Howson has been campaigning for government action on sharks since one of his tour guides, Elyse Frankcom, was injured in a shark attack last year.

"It's absolutely hurting the tourist trade," he said. "Australia is getting a name for itself as being full of dangerous animals."

In Saturday's attack, the shark struck near a dive boat 500 yards north of Rottnest Island, which is 11 miles west of a popular Perth beach where a 64-year-old Australian swimmer is believed to have been taken by a great white on Oct. 10.

Authorities cannot say whether Wainwright was killed by the same shark that is believed to have taken Bryn Martin as he made his regular morning swim from Perth's Cottesloe Beach toward a buoy about 380 yards offshore.

But an analysis of Martin's torn swimming trunks recovered from the seabed near the buoy pointed to a great white shark being the culprit. No other trace of Martin has been found.

The two attacks follow the Sept. 4 death of 21-year-old bodyboarder Kyle Burden, whose legs were bitten off by a shark described as 15 feet long at a beach south of Perth. Witnesses were unsure of the type of shark.

Barry Bruce, a marine biologist and great white expert, said it was unlikely that the same shark was responsible for all three fatalities.

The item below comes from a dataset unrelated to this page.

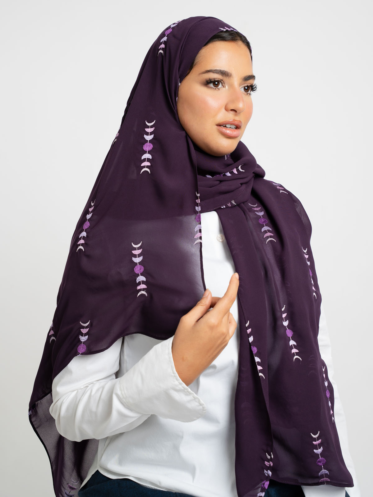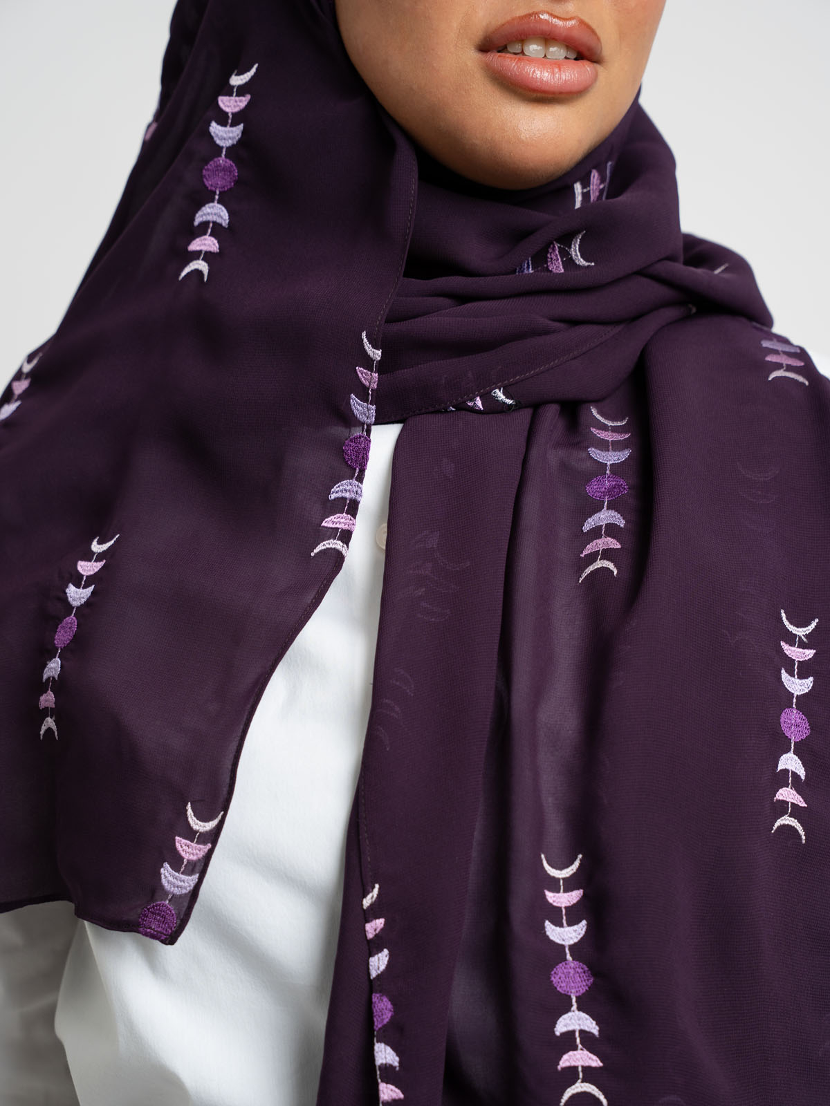 Hijab color: Mauve Tarha with Moon Phases Embroidery.
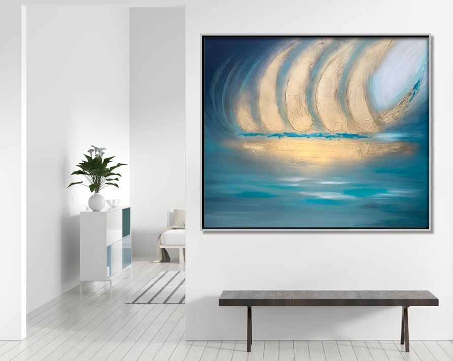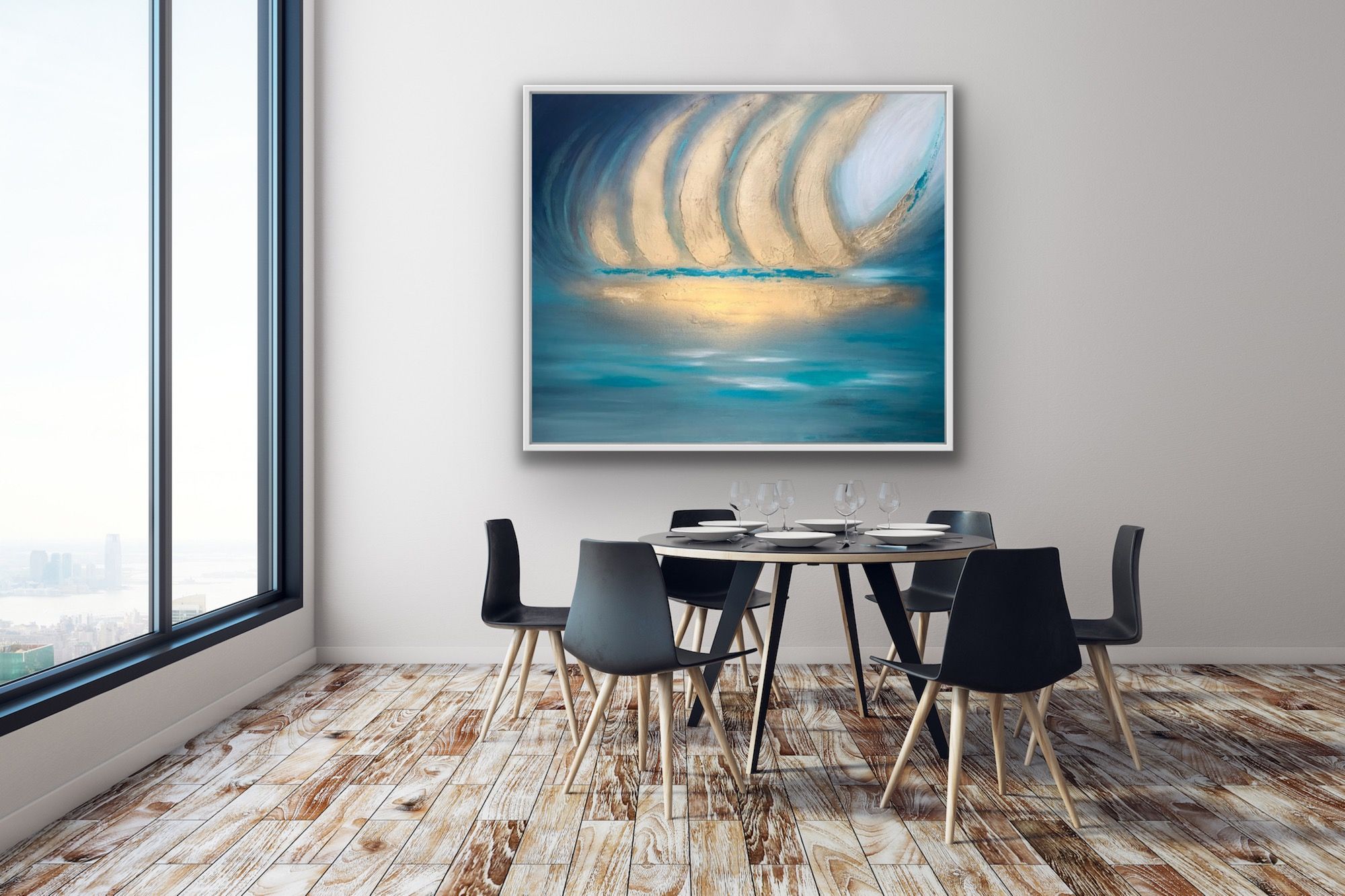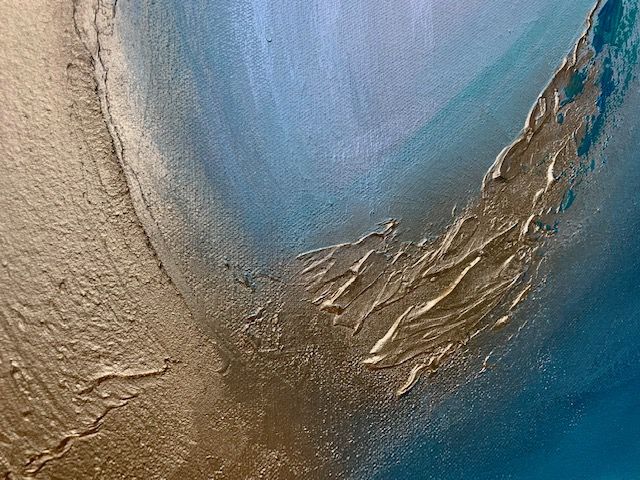 “Spectacular golden clouds on the horizon, glittering reflections on the deep teal seas”. Part of the "Spectacular" Collection, Teal Spectacular is an original painting by artist Sarah Berger. Original canvas painted in mixed media using artist modelling clay and vibrant teal and metallic gold acrylics, this piece really does glimmer

"A more plausible explanation is that this is the time of year when sharks move along the coast, and there are undoubtedly multiple sharks out there following this exact pattern," Bruce said.

Horrified beachgoers
Western Australia state authorities have been allowed to kill great whites that endanger humans despite the shark's endangered status since 2000, when Perth businessman Ken Crew was killed in front of hundreds of horrified beachgoers while wading in knee-deep water off Cottesloe. Officials believe the culprit was a 13-foot great white.

Sunday was the first time authorities have exercised the legal exemption to hunt a great white.

Western Australia Premier Colin Barnett said Saturday that his government would consider shark culls in the future.

Great whites can grow to more than 20 feet long and 5,000 pounds. They are protected in Australia, a primary location for the species.